___ Dataset extract

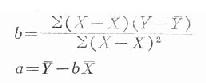 (一)直线回归方程式(linear regression equation)的计算直线回归方程的通式为: =a+bX 公式(22.3) 式中Y为自由变量X推算因变量Y的估计值,a为回归直线在Y轴上的截距,即X=0时的Y值;b为样本回归系数(regression coefficient),即回归直线的斜率(slope或称坡度),表示当X变动一个单位时,Y平均变动b个单位。如果已知a与b,用以代入公式(22.3),即可求得直线回归方程。求a和b的公式分别为:
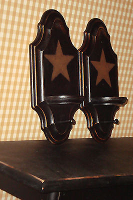 Title (ebay affiliate link): wall sconce set 2 wood candle peg black americana star western primitive shelf
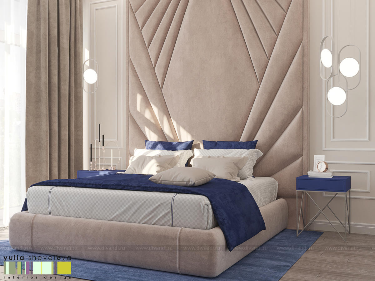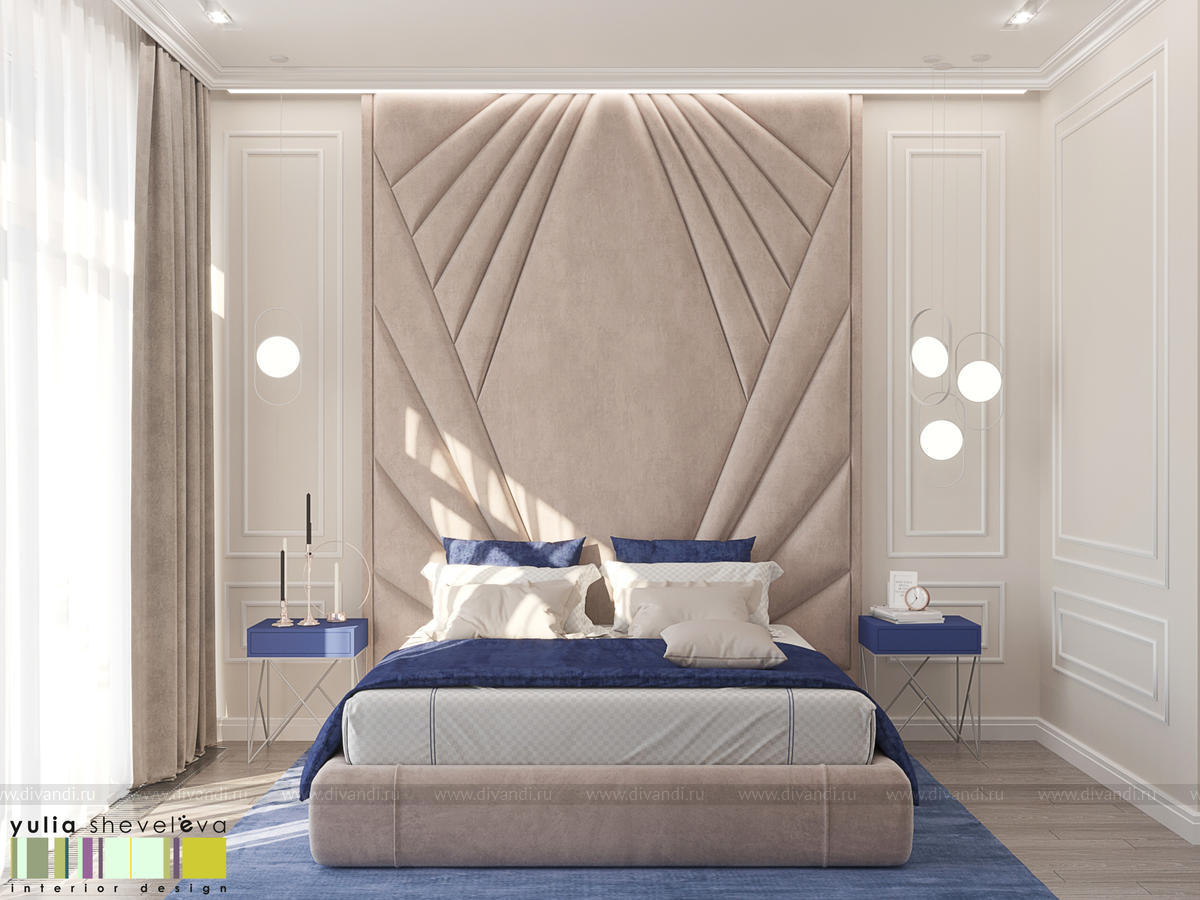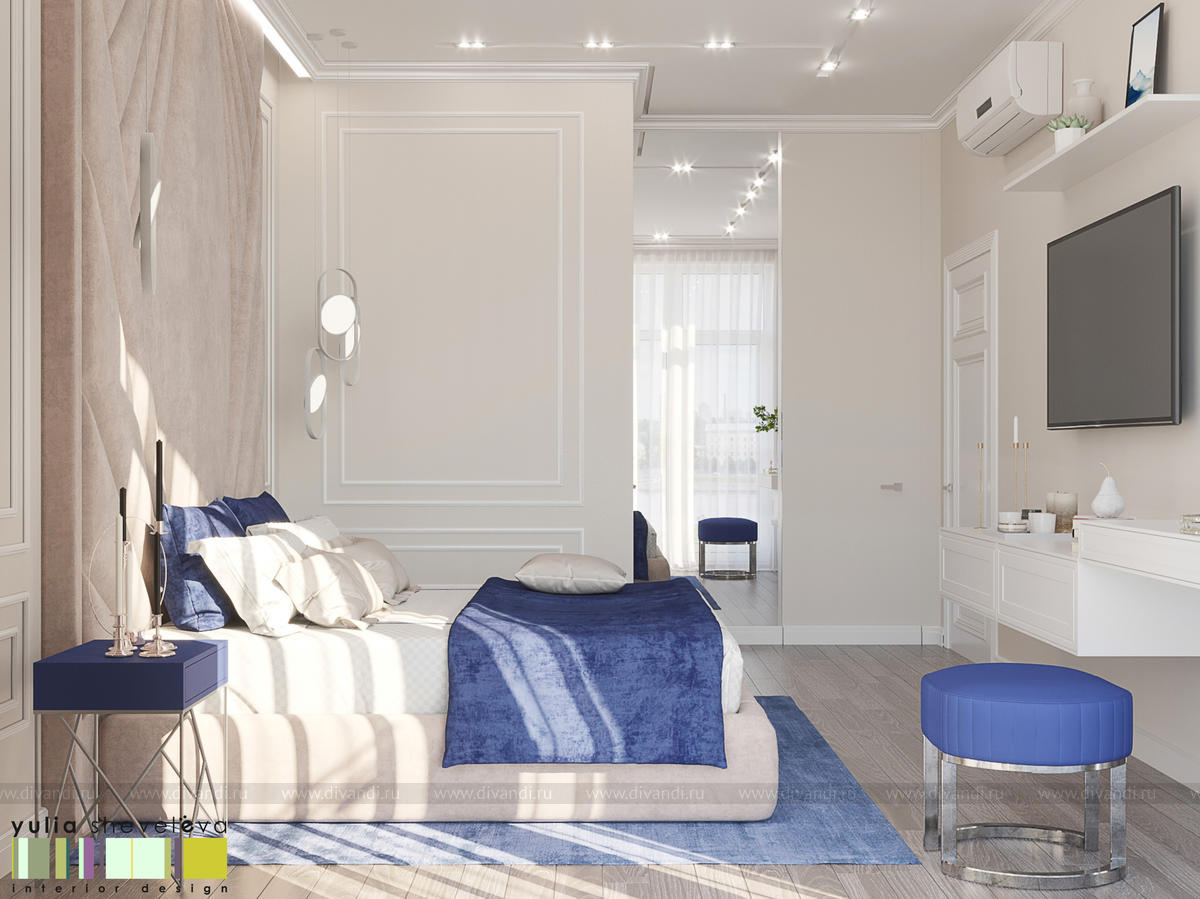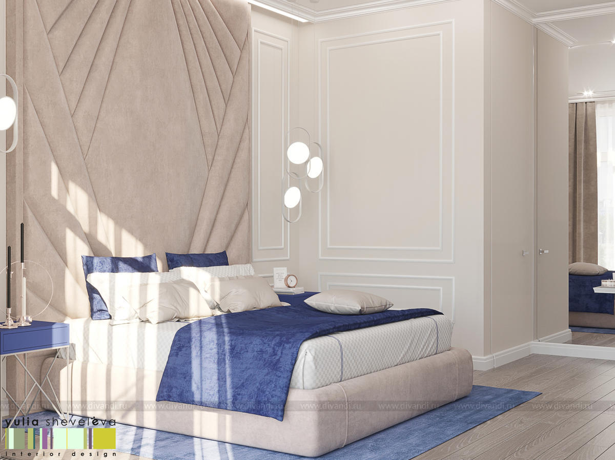 Спальня получилась очень нежной и воздушной. Высокое мягкое изголовье и основание кровати, а также текстиль, наполняют спальню теплом и уютом. В качестве ярких акцентов в интерьере использован синий оттенок. Стильные консоли, прикроватные столики, яркий пуф, современные светильники, зеркала. Каждая эта деталь собирается в единый пазл идеального интерьера. В спальне, за дверями со скрытой коробкой, располагаются отдельная гардеробная и ванная комната.

______

The data should be printed again unchanged; leave its pictures out.

Solution for this problem:
 (一)直线回归方程式(linear regression equation)的计算直线回归方程的通式为: =a+bX 公式(22.3) 式中Y为自由变量X推算因变量Y的估计值,a为回归直线在Y轴上的截距,即X=0时的Y值;b为样本回归系数(regression coefficient),即回归直线的斜率(slope或称坡度),表示当X变动一个单位时,Y平均变动b个单位。如果已知a与b,用以代入公式(22.3),即可求得直线回归方程。求a和b的公式分别为:
 Title (ebay affiliate link): wall sconce set 2 wood candle peg black americana star western primitive shelf
 Спальня получилась очень нежной и воздушной. Высокое мягкое изголовье и основание кровати, а также текстиль, наполняют спальню теплом и уютом. В качестве ярких акцентов в интерьере использован синий оттенок. Стильные консоли, прикроватные столики, яркий пуф, современные светильники, зеркала. Каждая эта деталь собирается в единый пазл идеального интерьера. В спальне, за дверями со скрытой коробкой, располагаются отдельная гардеробная и ванная комната.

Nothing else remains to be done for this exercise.